Removal of the 'johanni' won't solve the problem. As mentioned, mbuna's are social-aggressive fish. Removing the most aggressive fish will only create a vacancy while will be filled by the next 'highest ranked' fish. Even if you removed the johanni and the orange/black/grey one; one of the beaten up one's will 'become a bully'. African cichlids in general, and mbuna's in particular, are aggressive fish by nature (when compared to tropical community fish).

The methods I advised will help solve the issue. Adding several johanni females will significantly reduce the aggression it exibits. Rather than act like a bully it will most likely spend much of its time attempting to spawn with the females, which makes life for all the others better. 

In a larger tank, if this is done for each species represented in the tank, you can significantly lower aggression.

Before you acquire females for the johanni (if that's what you decide to do),you must first determine if your 'johanni' is a Melanochromis johanni (common name "Johanni") or a Melanochromis cyaneorhabdos (common name "Electric Blue Johanni). The males of both species are near identical. However the johanni is a dimorphic species (the females are yellowish), while the electric blue johanni is a monomorphic species (both genders blue/black).

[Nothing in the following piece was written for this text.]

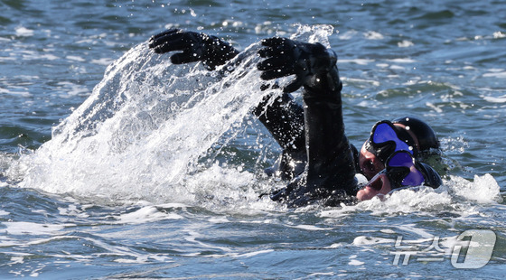 전국적으로 맹추위가 기승을 부린 22일 경남 창원 진해 군항에서 열린 혹한기 내한훈련에서 해군 심해잠수사(SSU)가 오리발 수영을 준비하고 있다. 2026.1.22/뉴스1 © News1 윤일지 기자

Mbuna's are rock dwelling fish ('mbuna' means 'rock fish' in one of the indigenious languages spoken near lake malawi); they're the most aggressive.

The c. borleyi is a 'hap', and as emc described, more of an open water fish. 

The german red shoulder is a type of peacock, a third type of lake malawi cichlid, with habits similar to the borleyi (and are not as aggressive, thus at a disadvantage when kept with mbuna's).


----------